Репортеры

    Репортер середины двадцатых годов - человек непоседливый, проводящий большую часть жизни в поездах и прокуренных кабинетах редакций. Иной, пробыв в городе недели две, чтобы подкормиться, выклянчив гонорар под будущую статью, исчезал.

    Однажды весной, когда на полях ещё лежал снег, в нашей редакции появился молодой человек, одетый не то в домотканный старинный армяк, не то в демисезонное, доношенное до предела пальто с оборванными пуговицами. Мокрые валенки оставляли на полу лужи.

    - Поэт Сергей Зверев:

    Он сунул секретарю сложенный вдвое печатный листок, на лицевой стороне которого был его портрет, а на развороте два стихотворения: "Рикша" и "Трактор".

    Задержавшись в редакции на месяц, сей поэт писал фельетончики на местные темы. Оказывается, он пересек всю матушку Сибирь и, по его словам, посадив "Рикшу" на "Трактор", заезжал во все попутные города, где были редакции.

    Об его отъезде из Тагила сотрудники редакции узнали из появления квартирной хозяйки, у которой жил поэт. Рыдая, старушка заявила, что жилец не заплатил ей ни копейки и исчез.

    Те годы были богаты подобными гастролерами.

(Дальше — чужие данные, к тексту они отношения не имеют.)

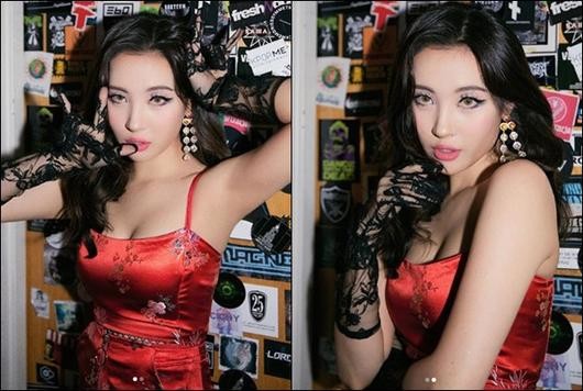 사진 속 선미는 원더걸스 시절이 생각나게 만드는 빨간 의상과 장갑으로 섹시함을 한껏 표현해냈다. 특히 고양이를 연상시키는 메이크업이 인상적이다.

    Я приобщился к репортерскому племени в молодые годы. Много обил порогов прокуратуры, суда, районных отделений профсоюзов, добровольных обществ МОПР, ОСОАВИАХИМ, клубов. Тогда "синяя блуза" устраивала выезды в деревни, и под окнами деревенских попиков раздавалось: "Мы на небо залезем, разгоним всех богов".

    Чаще всего я брал материал у секретаря суда Липочки. Она давала мне протоколы судебных заседаний, я дарил ей шоколадку. Не любил описывать съезды профсоюзов: сколько проведено собраний, сколько убыло и прибыло членов, получено взносов и тому подобное. Приходилось на ходу постигать азы политграмоты: я был политически малограмотен, невежествен. Но работа репортера давала возможность видеть жизнь во всём её горячем биении.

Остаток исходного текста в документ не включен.